I did not pass my judgement with one swipe of a careless hand. I read one book from Schoppenhauer (The World as Will and Representation) and one from Nietsche (Thus Spoke Zarathustra). I consider both to be a mixture of genius and insanity. They were both very gifted with language, espeically Nietsche was almost a poet. But their ideas were crackpot, similar to CG Jung, Freud etc. In general, I do not value philosophers who created their pet theories, but built them on shaky grounds. They make various claims (assumptions) about the world, about man, about society and then build massive philosophies based on these claims. But if the fundaments are rotten, so are their whole pet theories. I much prefer the down to earh approach of actual scientists - that is why i quoted Einstein or Feynman.

I am not surprised that Mahler was interested in theosophy. That was probably the most crackpot theory of his time. So yes, I dislike Mahler's philosophy for the same reason I dislike theosophy
https://www.theosophyforward.com/in...-public-eye/689-gustav-mahler-1860-1911-.html

_"Mahler said with great conviction: "We all return; it is this certainty that gives meaning to life and it does not make the slightest difference whether or not in a later incarnation we remember the former life. What counts is not the individual and his comfort, but the great aspiration to the perfect and the pure which goes on in each incarnation." The third symphony could be said to depict the reincarnation of life through the kingdoms to man and beyond.

Cook quotes a letter in which Mahler states that he wanted to express in the work an evolutionary development of nature that hides "within itself everything that is frightful, great, and also lovely." He notes that the composer added: "Of course, no one ever understands this, It always strikes me as odd that most people when they speak of "nature" think only of flowers, little birds, and woodsy smells. No one knows the god Dionysus, the great Pan. There now! You have a sort of program - that is, a sample of how I make music. Everywhere and always, it is only the voice of nature! "_


----------



## eugeneonagain

millionrainbows said:


> he wanted it to be a catalyst, for it to "wake us up,"...


Perhaps making it 100 minutes long was a bad move then.


----------



## millionrainbows

Woodduck said:


> A shaman is someone with a job to do, a job defined by his culture. That wasn't Mahler's job. He was simply a serious artist of philosophical disposition, some of whose works purport to be about what he considered life's major issues - his own life's, in any case.


Marshall McLuhan, and probably Carl Jung, would say that "shamans" do, indeed exist, in the form of artists who are in touch with the subconscious, the mythological, archetypes, and the intuitive world. Richard Wagner was a shaman, as well.



> His issues are determined by his cultural context and personal psychology, and his take on them, far from being universal, may not be yours or mine.


Oh, I feel quite the opposite, because I'm looking for similarities, not differences. You tend to fragment ideas like this to further a paradigm which is the glorification of Man as an isolated self-determining individual.



> Life and death, of course, is the fundamental "issue" for all of us, and he seems to have had quite a preoccupation that eternal struggle.
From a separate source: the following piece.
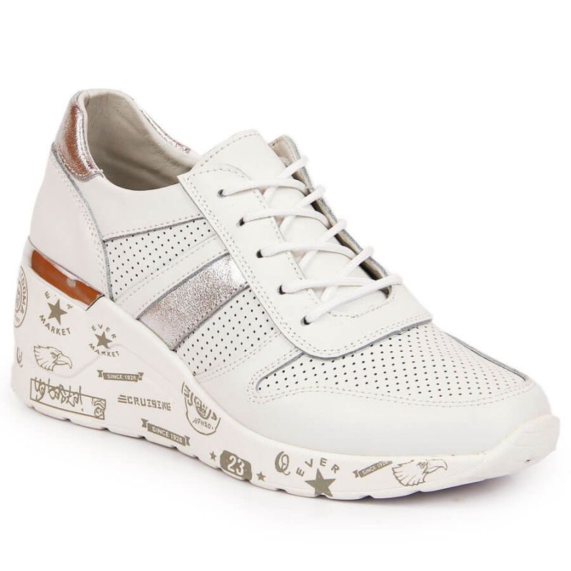 Filippo Elegant und universelle Sneakers in Paw323 sind ein Vorschlag für Frauen, die jeden Tag Komfort und modisch schätzen. In natürlicher Leder, in einer klassischen weißen Farbe, werden sie die städtischen und lässigen Stylisationen perfekt ergänzen und dank einer stabilen Plattform einige Zentimeter hinzufügen.

At last, a recognition of universals...



> But he's hardly the first artist, or the first composer, to occupy himself with it.


...only to be shattered.



> Perhaps he expresses his feelings with such intensity that he convinces those temperamentally disposed that he's uniquely profound.


Well, isn't that what Richard Wagner does for you, and what Beethoven does for many others?



> Personally, I don't find his work more "sacred" than that of many other composers, and in fact I sense in his mixture of nervosity, stridency, sentimentality and long-windedness a feeling of self-absorption almost unique among composers.


"Nervosity? Sentimentality?" You make him sound like some sort of laughable 'Woody Allen' type of character.



> I find nothing Buddhist (or quasi-Buddhist) about him.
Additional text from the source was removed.